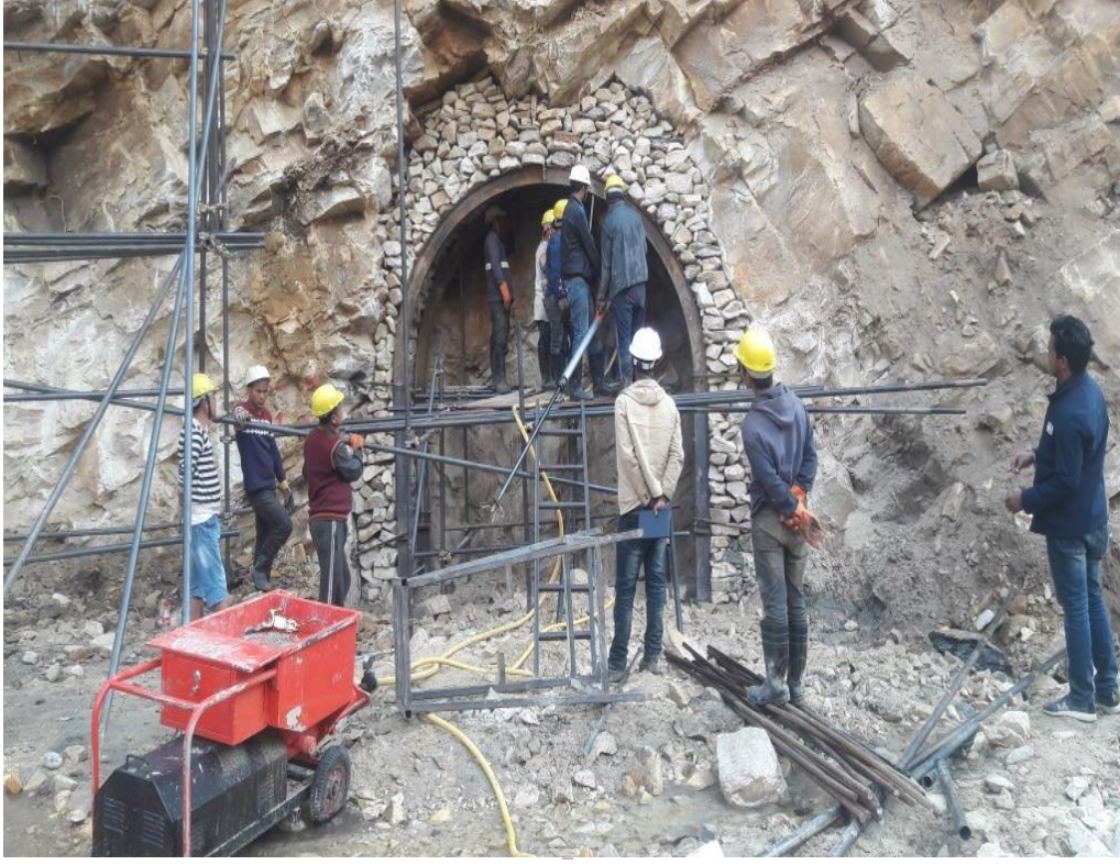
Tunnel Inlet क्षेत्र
----
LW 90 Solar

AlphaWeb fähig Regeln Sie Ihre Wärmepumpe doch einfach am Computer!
----
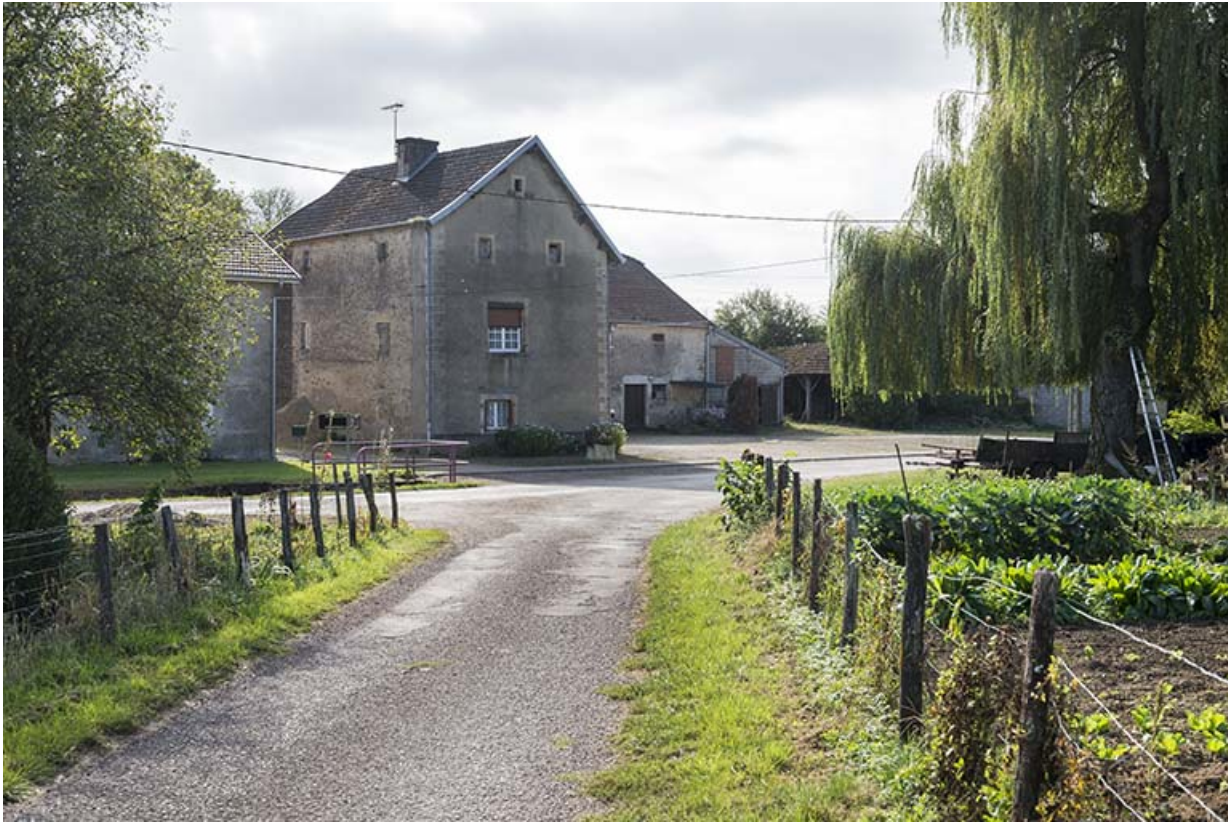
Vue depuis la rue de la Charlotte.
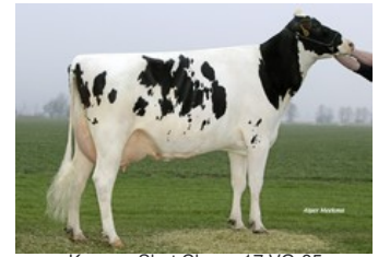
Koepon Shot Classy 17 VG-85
----
▶ **WHAT YOU HAVE TO DO**
Copy out exactly the lines above beginning with the line that contains "Vue depuis la rue de la Charlotte." and finishing with the line that contains "Koepon Shot Classy 17 VG-85", including both; leave the pictures out.

▶ **RESULT FOR THIS TASK**
Vue depuis la rue de la Charlotte.
Koepon Shot Classy 17 VG-85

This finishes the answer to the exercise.